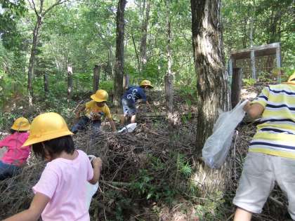 昨日生活科で秋の様子について話し合った後「どんぐりなどを見つけたら教えてね。」と言うと、早速拾ってきた子がいました。もう落ちているのなら、早めに探しにいかなければいけません。なぜなら落ちたどんぐりはシカやイノシシの大好物だからです。「シカたちより先に見つけに行こう!」と時間割を変えて午後から森林公園にどんぐり拾いに行きました。何が作れるかな?と考えながら森のめぐみがたくさん集まりました。
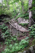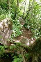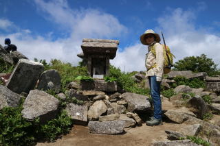 | 2025年07月12日のお山めぐりは岩手県盛岡市の姫神山です。 宇都宮を午前2時50分に出発、てんくらの情報に合わせて登山口には9時20分過ぎの到着、残り少ないスペースに車を止めて、9時37分に出発です。登り始めてすぐに後続男性3名の後になります。(´;ω;`) たたら岩の案内板を過ぎて道も登山道らしくなってきて杉林の中の登りになり、10時07分に清水社を通過します。 駐車場 清水社 ![]() 雑木帯の斜面を直登する伏木の登山道は途中で右にジグザグの踏み跡が入っており、尾根で合流し右上に進みます。左植林、右雑木の城内ルートは好ましい登山道でエンレイソウ・ヤマオダマキ等は終了、盛期のタカネアオヤギソウが現れます。さてあのお花はどこでしょうか、左右を見ながら登って行きます。 タカネアオヤギソウらしい 登山道 ヤマオダマキ ![]() 高度を上げてヤマオダマキの残り花が現れ、タカネアオヤギソウが点々と続き、道が左に方向を変えます。クモキリソウの株、せり科の花を見て左側に大きな水石、次いで笠石脇を通過します。笠石の案内板には「山頂300m」とあります。日が当たってきました。どうやら麓で見た雲はなさそうです。 水石 笠石 ![]() 雑木帯の直登の登山道の右側の岩にクモキリソウがいっぱい付いています。さて登山道は赤テープが岩々の直進に誘いますが、右にロープが張ってあり、道も明瞭で本道でした。岩場の登りは左上へ方向を変え、左奥に開けた岩場の窓はパス、2本ロープの直登箇所で先行の男性3名とスライドです。 傾斜が緩んで男女2名とスライド、イワキンバイ、ミネウスユキソウ、コメツツジ、クガイソウを見て視界が開けて来ると女性2名とスライドします。背後に展望が開けますが見えるはずの岩手山は雲の中でした。先行と思しき男女2名の後から右上に進み、11時37分に姫神山の山頂に到着でした。 右上へ トラロープの誘い 山頂の石祠にて ![]() 山頂の一角の平らな岩の上でランチ休憩です。三角点先の岩の上では男性が瞑想ポーズか、胡坐を組んでいました。S&Pも含め10名以上が屯している山頂は予報は当たりでした。しばらくして右手奥に岩手山の山頂が顔を出してきたので動画・静止画をデジカメに収めます。 山頂にて 岩手山 ![]() 岩手山の山頂も消えたり現れたりで、雲が取れる気配もありませんので撤収することにしました。おあとはあのお花の探索だけです。往路を忠実にトレースし、駐車場所には13時58分の到着でした。下る途中の岩場で2名の女性が最終スライドと思っていましたが、駐車場にはこれから向かう男女がおりました。 キンセイラン1 キンセイラン2 ![]() 駐車場(0:30)清水社(1:05)笠石(0:22)山頂(0:21)笠石(0:48)清水社(0:18)駐車場 所要時間は4時間21分(歩行3時間24分)、展望・お花探索の日本200名山の一座のピークハントでした。 新型コロナ前に北海道からの帰路、七時雨山の次に登ろうとした姫神山、天候悪化からパスしたお山は、初見のお花付きで歩くことができました。 |
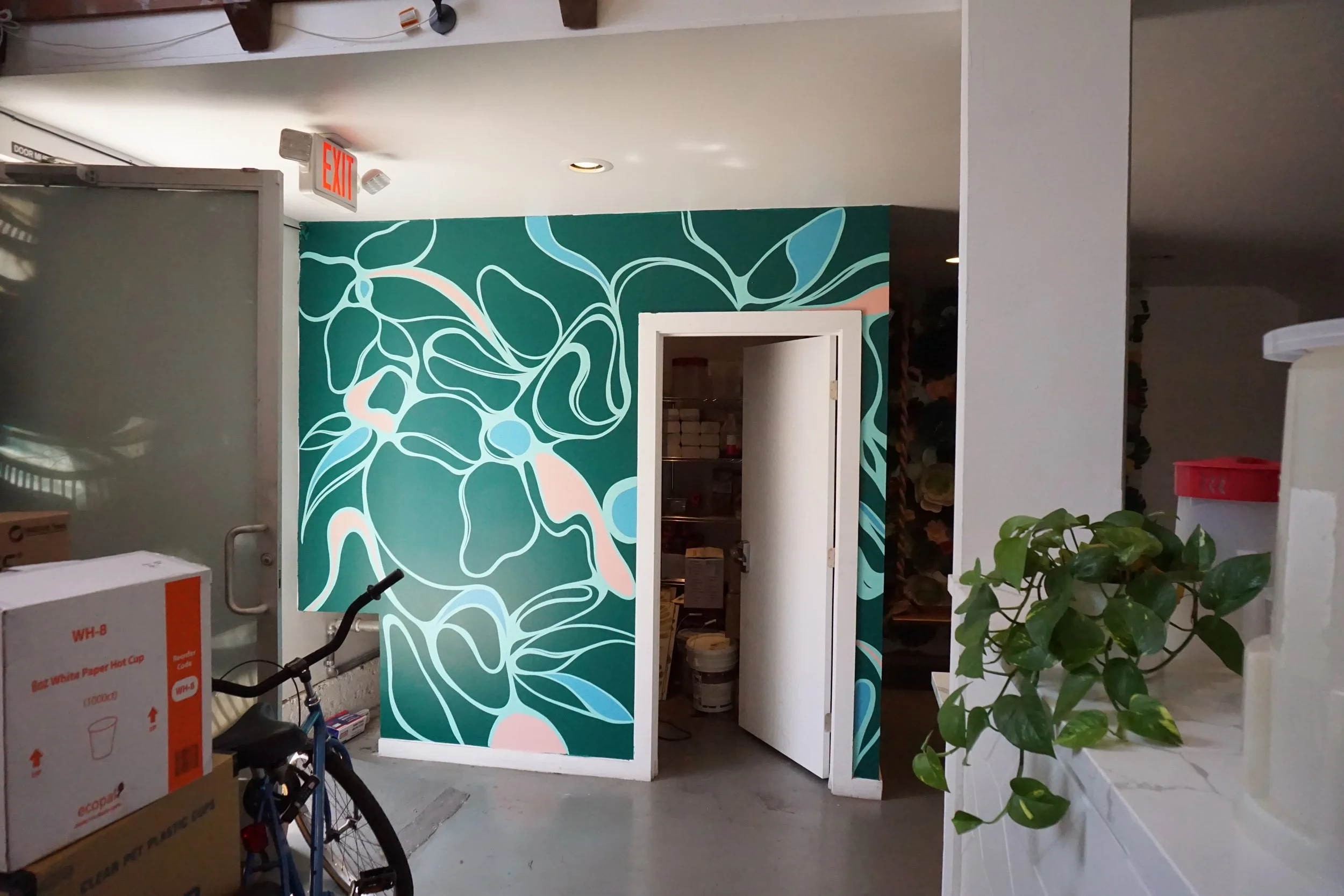 This mural lives at Rise & Grind Coffee, located in the mission district of San Francisco on 22nd & Folsom.
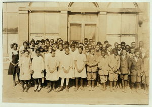 75 Sixth Grade children (colored) crowded into 1 small room in an old store building near Negro High School, with 1 teacher. Location: Muskogee, Oklahoma / Lewis W. Hine
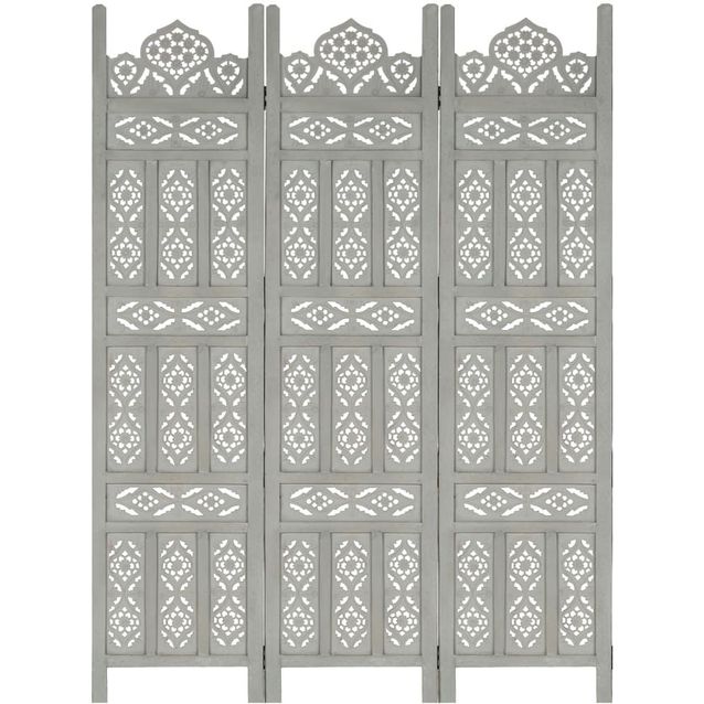 3-paneelinen tilanjakaja harmaa 120x165cm täysi mangopuu
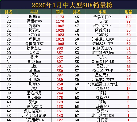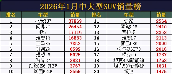 中大型SUV大洗牌!1月销量榜排行,问界M7亚军,银河M9第6,豹8仅第37
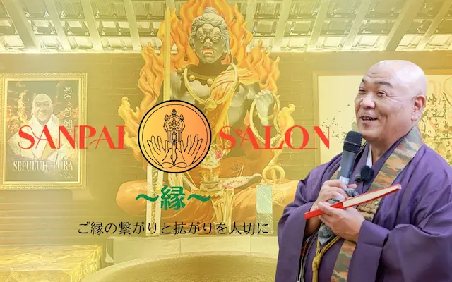 SANPAIサロンは、現代のかけこみ寺として阿闍梨である山平和尚が高野山に伝わる密教を活かしながら、メンバーひとりひとりと向きあい、ご縁を大切にし、自分自身が苦難を乗り越え幸せを具現化するために、体験等を通して開運法を学び成長していく方法を獲得することを応援します。

- [What you need to do]
Write out the lines above from the one with "This mural lives" through the one with "中大型SUV大洗牌!1月销量榜排行,问界M7亚军,银河M9第6,豹8仅第37", ends included, exactly; no picture goes in.

- [Response box]
 This mural lives at Rise & Grind Coffee, located in the mission district of San Francisco on 22nd & Folsom.
 75 Sixth Grade children (colored) crowded into 1 small room in an old store building near Negro High School, with 1 teacher. Location: Muskogee, Oklahoma / Lewis W. Hine
 3-paneelinen tilanjakaja harmaa 120x165cm täysi mangopuu
 中大型SUV大洗牌!1月销量榜排行,问界M7亚军,银河M9第6,豹8仅第37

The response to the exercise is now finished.